→ Work required: Copy out all of the lines below exactly; the pictures do not belong in the copy.

→ Dataset content:
Start of Block
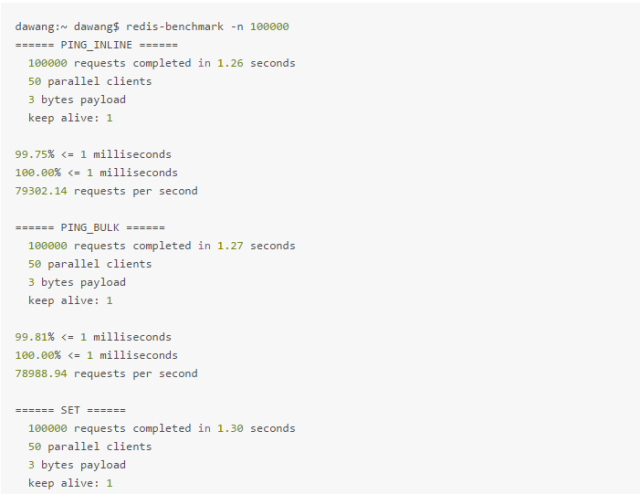 在配置好 Redis 后,我们可以通过自带的性能测试来查看 Redis 在这台服务器上的表现,据此决定是否应该进行配置和服务调整,例如:
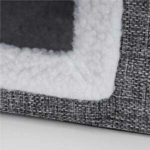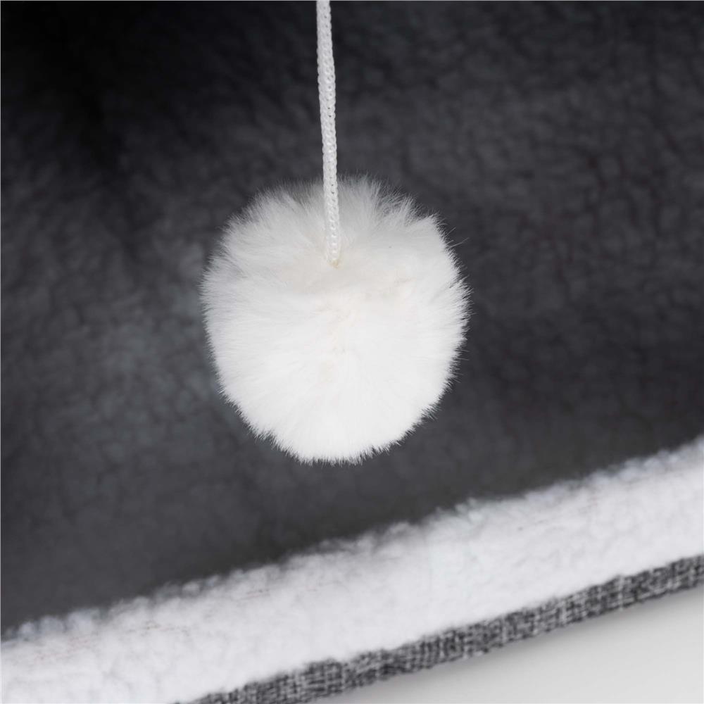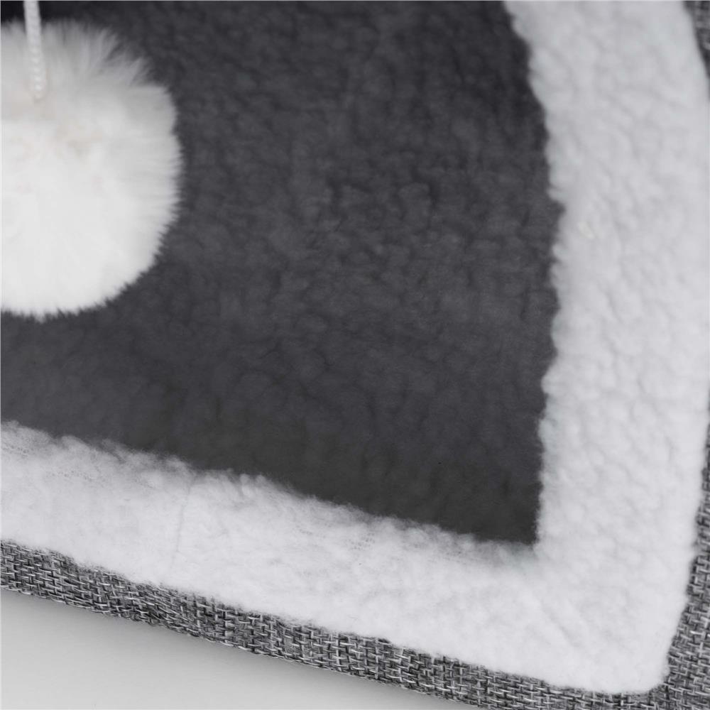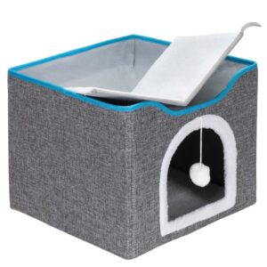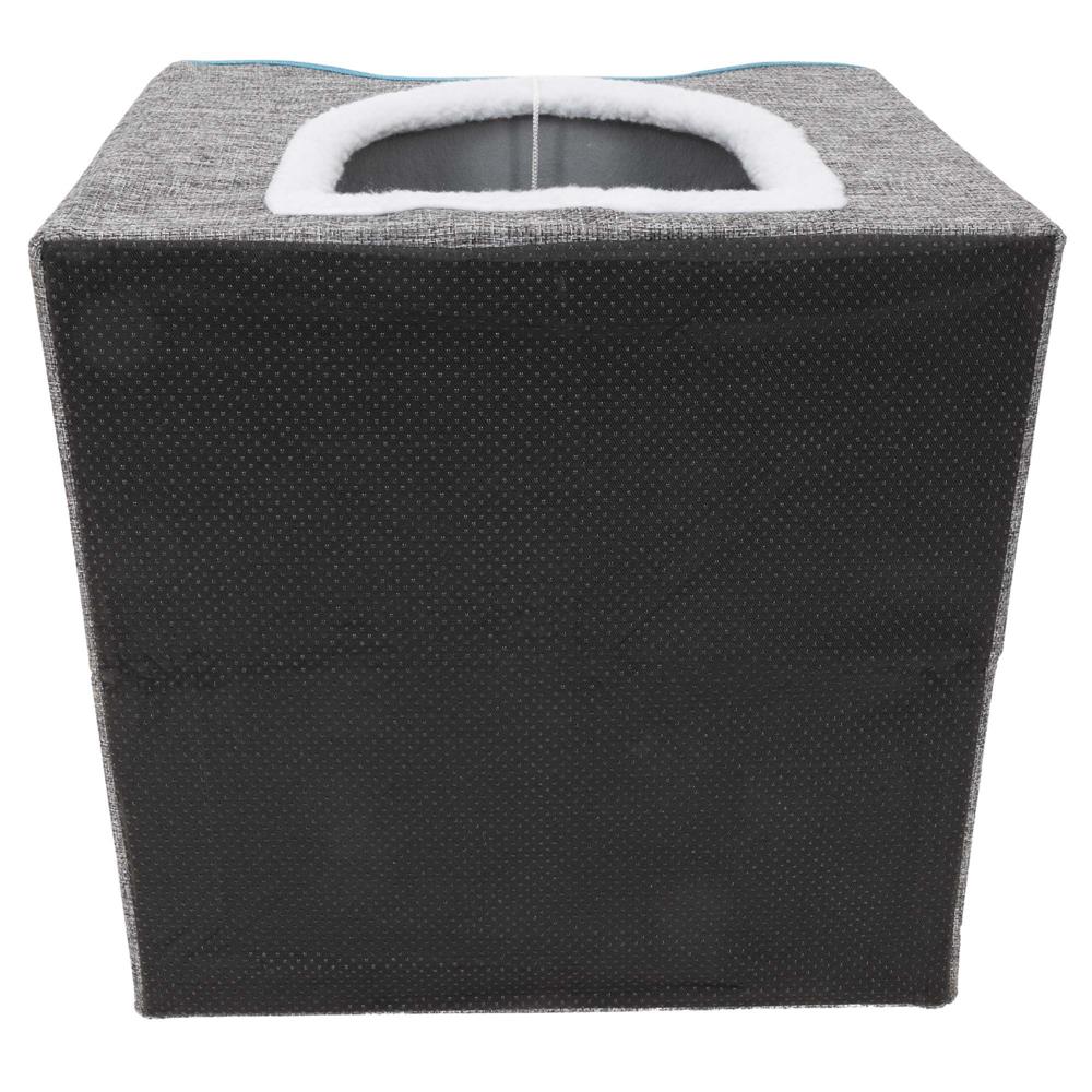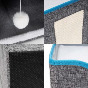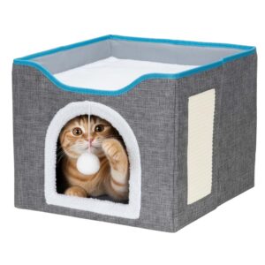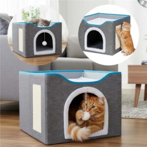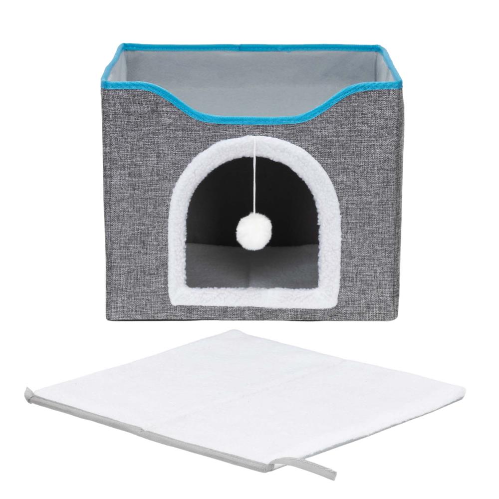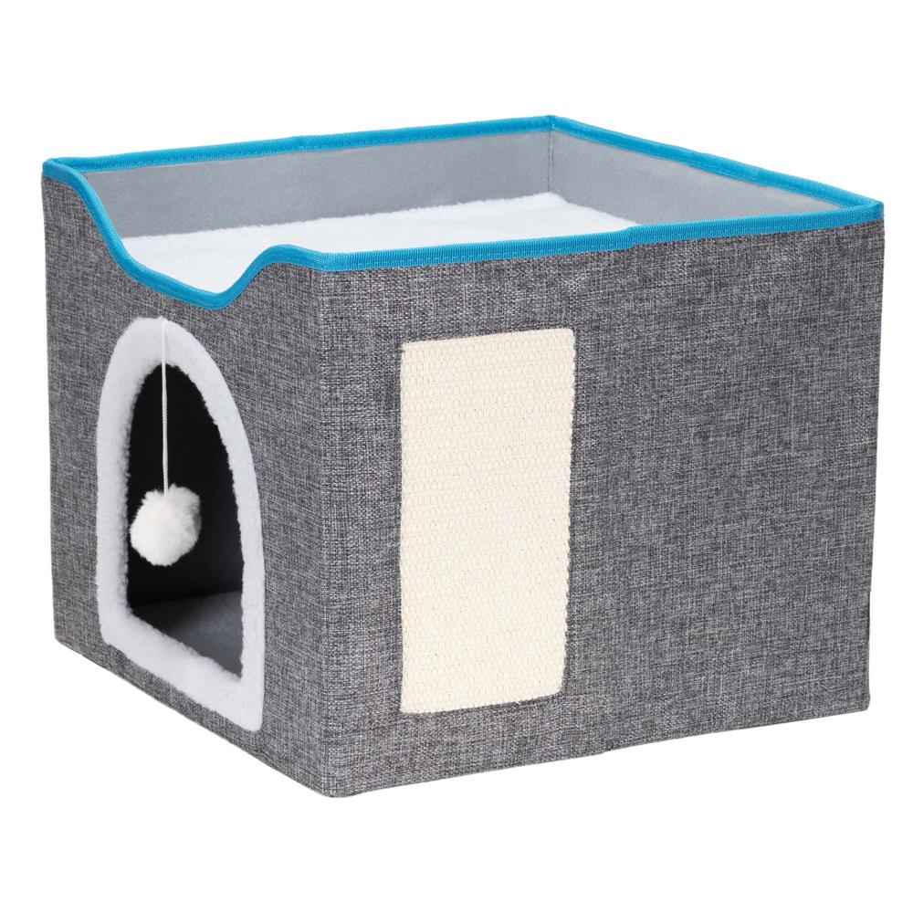 Casuta multifunctionala pentru pisici, conceputa pentru odihna, joaca si zgariat intr-un singur spatiu compact. Structura din lemn asigura stabilitate, iar elementele textile ofera confort zilnic. Platforma superioara si jucaria suspendata stimuleaza activitatea si relaxarea animalului.
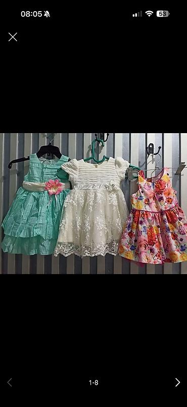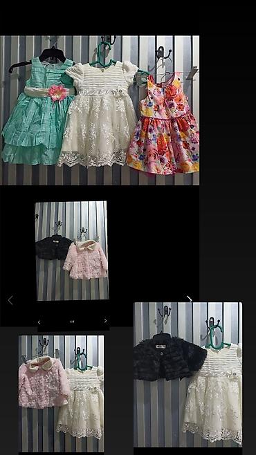 Детский комплект одежды для девочки 4 года . Цена символично: все платья за 350сом ;джинсы с кофтой 250сом ; безрукавка со спортивными за 100сом там пятна есть ;остальные бесплатно .
End of Block
→ Answer to the problem:
 在配置好 Redis 后,我们可以通过自带的性能测试来查看 Redis 在这台服务器上的表现,据此决定是否应该进行配置和服务调整,例如:
 Casuta multifunctionala pentru pisici, conceputa pentru odihna, joaca si zgariat intr-un singur spatiu compact. Structura din lemn asigura stabilitate, iar elementele textile ofera confort zilnic. Platforma superioara si jucaria suspendata stimuleaza activitatea si relaxarea animalului.
 Детский комплект одежды для девочки 4 года . Цена символично: все платья за 350сом ;джинсы с кофтой 250сом ; безрукавка со спортивными за 100сом там пятна есть ;остальные бесплатно .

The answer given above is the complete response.